[[ Supplied data, beginning ]]

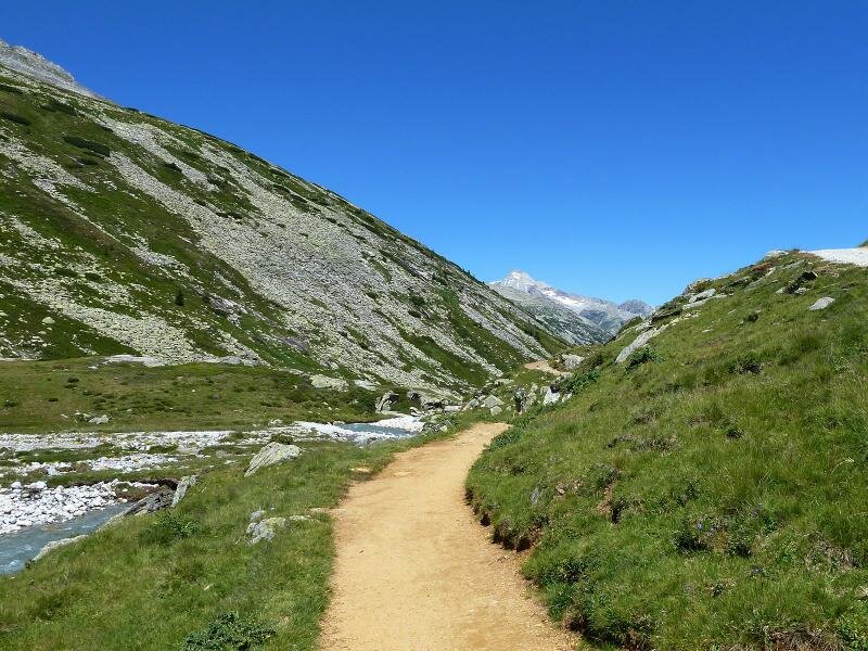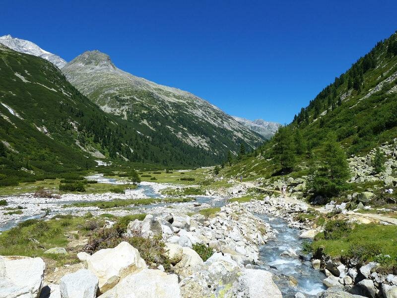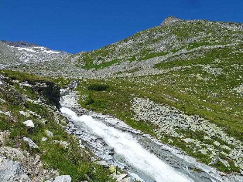 Im Zemmgrund, einem Seitental im hinteren Zillertal, folgen wir dem Lauf des Zamser Baches bis zur Wasserscheide am Alpenhauptkamm, beim bekannten Pfitscherjoch-Haus.
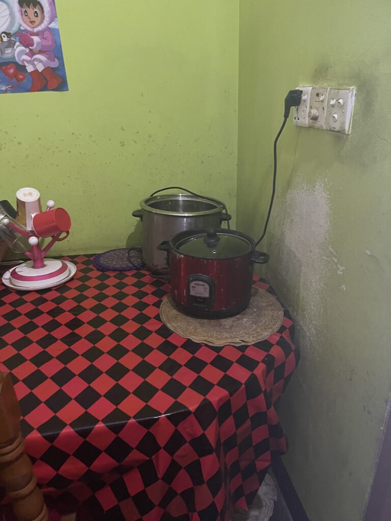赤と黒の市松模様のテーブルクロスの上には炊飯器と鍋。
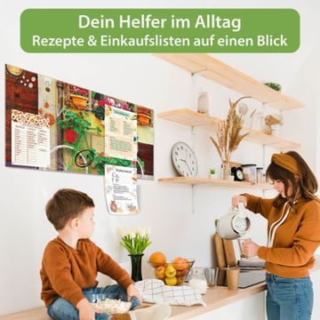 Die banjado Glas Magnettafel mit dem Motiv Motiv Grünes Fahrrad verbindet Funktionalität mit Stil. Sie ersetzt das Zettelchaos durch klare Strukturen und bringt dabei eine warme, natürliche Atmosphäre in Ihr Zuhause. Ob im Büro, in der Küche oder im Eingangsbereich - dieses Design-Board zieht Blicke an und sorgt für Ordnung mit Charakter.

[[ Supplied data, end ]]

Exactly repeat only the lines from the one with "赤と黒の市松模様のテーブルクロスの上には炊飯器と鍋。" to the closing line above, both included, and omit every picture.

__Answer section__:
赤と黒の市松模様のテーブルクロスの上には炊飯器と鍋。
 Die banjado Glas Magnettafel mit dem Motiv Motiv Grünes Fahrrad verbindet Funktionalität mit Stil. Sie ersetzt das Zettelchaos durch klare Strukturen und bringt dabei eine warme, natürliche Atmosphäre in Ihr Zuhause. Ob im Büro, in der Küche oder im Eingangsbereich - dieses Design-Board zieht Blicke an und sorgt für Ordnung mit Charakter.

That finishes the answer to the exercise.